No pictures belong in the copy. Retype exactly, and only, the stretch of lines below from the one with "WC Sitz mit" through the one with "大洋網(wǎng)訊 10月".

:: RECORD EXTRACTS ::
=== Section Start ===

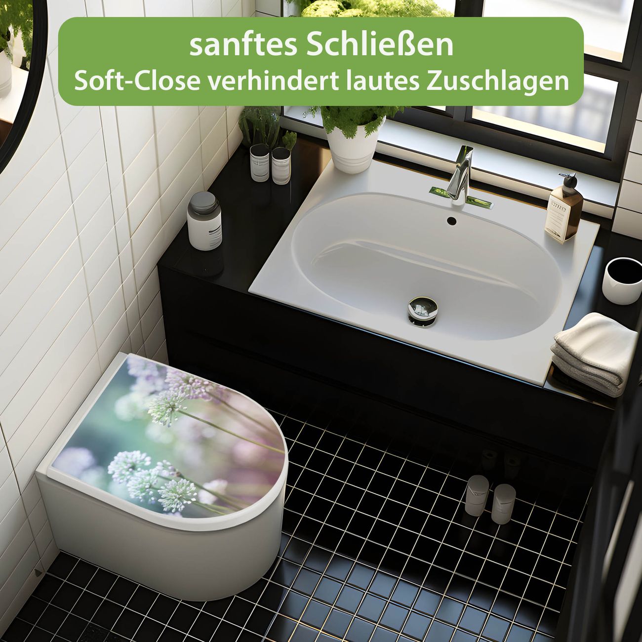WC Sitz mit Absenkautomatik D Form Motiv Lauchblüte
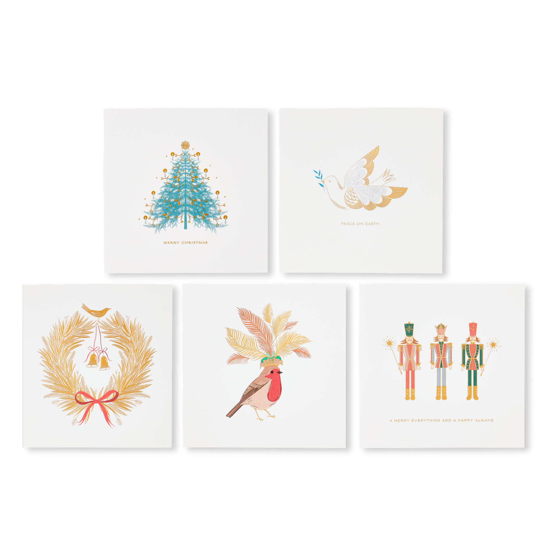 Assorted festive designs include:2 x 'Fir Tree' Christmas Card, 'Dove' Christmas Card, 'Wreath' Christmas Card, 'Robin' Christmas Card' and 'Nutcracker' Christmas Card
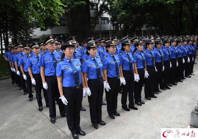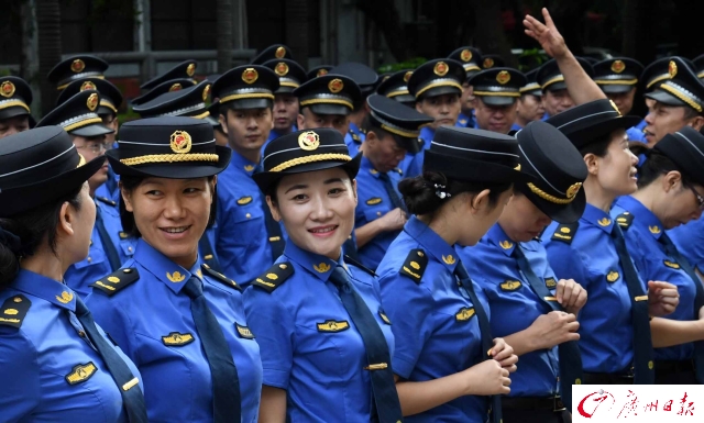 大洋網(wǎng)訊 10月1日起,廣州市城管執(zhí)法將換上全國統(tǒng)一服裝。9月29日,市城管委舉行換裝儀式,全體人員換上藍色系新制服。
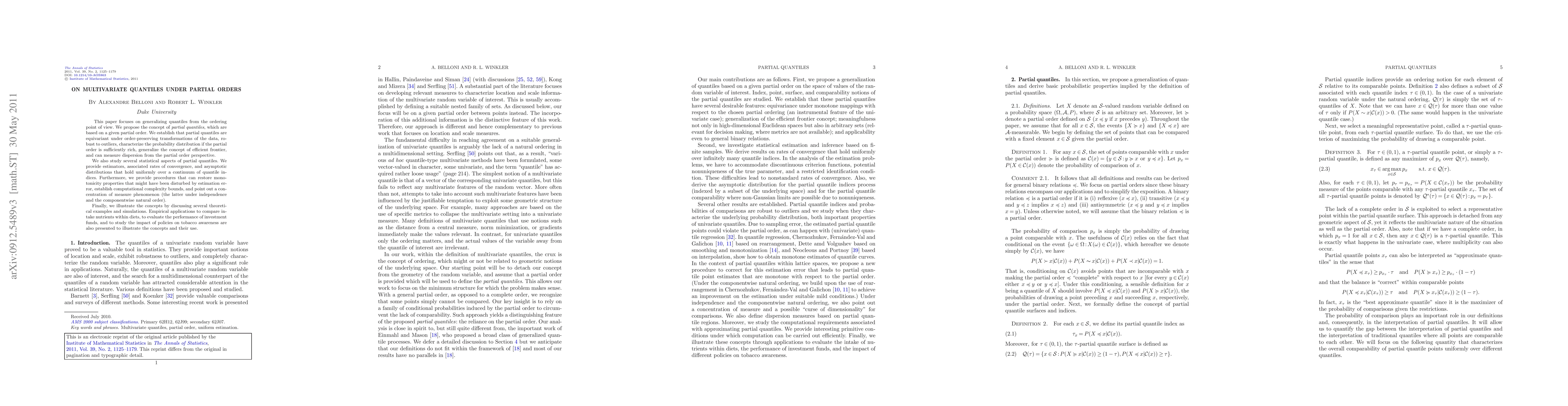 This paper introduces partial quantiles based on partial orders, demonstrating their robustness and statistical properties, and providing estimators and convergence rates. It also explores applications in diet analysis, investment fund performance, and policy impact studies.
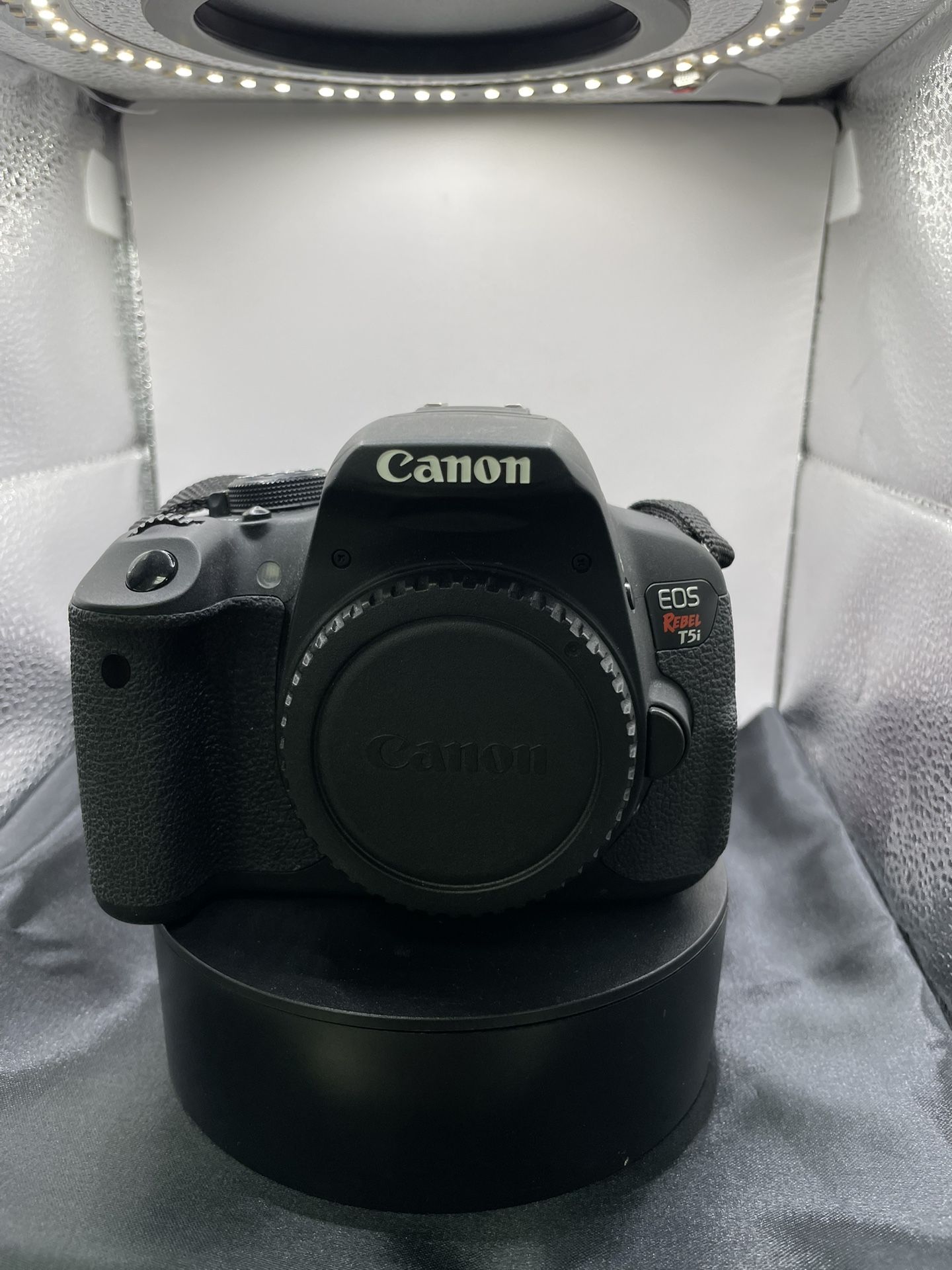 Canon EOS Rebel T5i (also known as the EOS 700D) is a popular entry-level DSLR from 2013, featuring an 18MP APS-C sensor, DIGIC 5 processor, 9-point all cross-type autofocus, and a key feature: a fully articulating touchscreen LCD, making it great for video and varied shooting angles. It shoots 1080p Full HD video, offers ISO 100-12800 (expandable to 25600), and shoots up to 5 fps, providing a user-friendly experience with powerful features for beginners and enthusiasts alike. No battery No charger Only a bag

=== Section End ===
=== Section Start ===

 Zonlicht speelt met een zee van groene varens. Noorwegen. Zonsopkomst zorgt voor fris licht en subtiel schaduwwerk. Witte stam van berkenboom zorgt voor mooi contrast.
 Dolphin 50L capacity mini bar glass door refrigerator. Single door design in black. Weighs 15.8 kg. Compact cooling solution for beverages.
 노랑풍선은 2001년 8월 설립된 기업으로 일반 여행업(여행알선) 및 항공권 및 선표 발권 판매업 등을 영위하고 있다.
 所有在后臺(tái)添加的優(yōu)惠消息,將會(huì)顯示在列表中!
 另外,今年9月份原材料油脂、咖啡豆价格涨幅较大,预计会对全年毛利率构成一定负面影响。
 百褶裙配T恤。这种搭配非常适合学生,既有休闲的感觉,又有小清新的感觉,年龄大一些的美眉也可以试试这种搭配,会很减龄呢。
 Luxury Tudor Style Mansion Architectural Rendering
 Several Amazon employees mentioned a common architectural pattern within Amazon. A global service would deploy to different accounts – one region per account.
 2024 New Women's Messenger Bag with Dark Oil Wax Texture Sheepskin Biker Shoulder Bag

=== Section End ===
=== Section Start ===

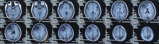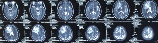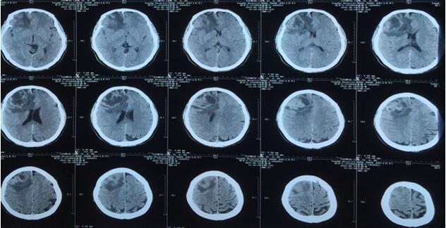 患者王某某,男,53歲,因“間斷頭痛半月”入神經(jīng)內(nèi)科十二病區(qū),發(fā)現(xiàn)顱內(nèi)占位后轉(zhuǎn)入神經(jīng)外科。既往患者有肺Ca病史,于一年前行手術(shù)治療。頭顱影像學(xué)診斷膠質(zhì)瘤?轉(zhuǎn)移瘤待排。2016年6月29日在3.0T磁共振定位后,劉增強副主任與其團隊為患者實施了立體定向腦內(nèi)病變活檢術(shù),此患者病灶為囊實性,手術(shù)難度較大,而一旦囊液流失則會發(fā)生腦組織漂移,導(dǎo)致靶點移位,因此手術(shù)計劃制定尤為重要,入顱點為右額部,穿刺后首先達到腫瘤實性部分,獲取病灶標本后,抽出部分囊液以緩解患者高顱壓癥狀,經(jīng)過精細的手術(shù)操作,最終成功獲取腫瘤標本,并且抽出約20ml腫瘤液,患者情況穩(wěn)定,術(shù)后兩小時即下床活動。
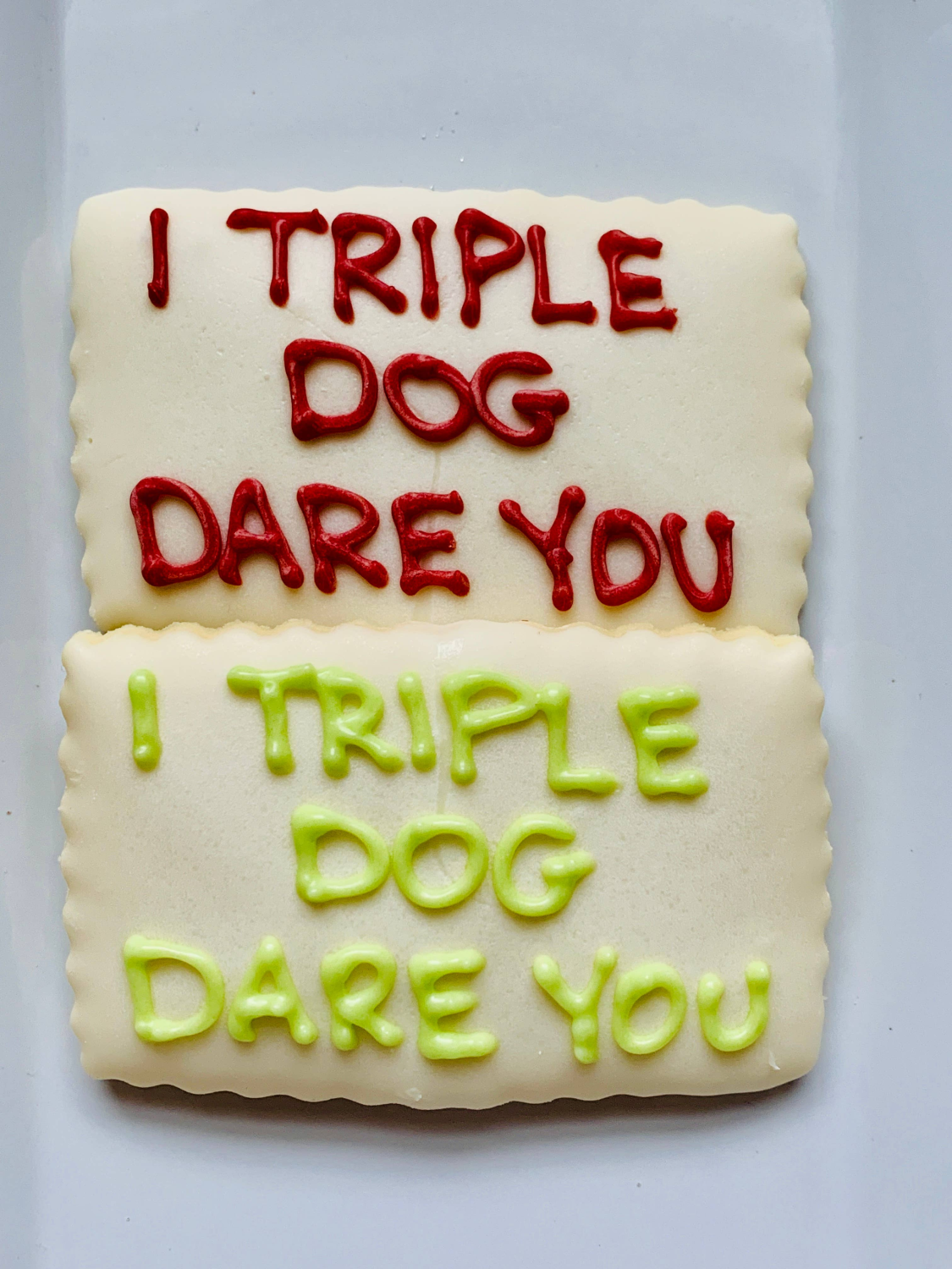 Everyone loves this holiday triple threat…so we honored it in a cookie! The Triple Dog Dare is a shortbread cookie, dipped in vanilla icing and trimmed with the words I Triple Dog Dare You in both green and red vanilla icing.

=== Section End ===

:: RESULT ::
WC Sitz mit Absenkautomatik D Form Motiv Lauchblüte
 Assorted festive designs include:2 x 'Fir Tree' Christmas Card, 'Dove' Christmas Card, 'Wreath' Christmas Card, 'Robin' Christmas Card' and 'Nutcracker' Christmas Card
 大洋網(wǎng)訊 10月1日起,廣州市城管執(zhí)法將換上全國統(tǒng)一服裝。9月29日,市城管委舉行換裝儀式,全體人員換上藍色系新制服。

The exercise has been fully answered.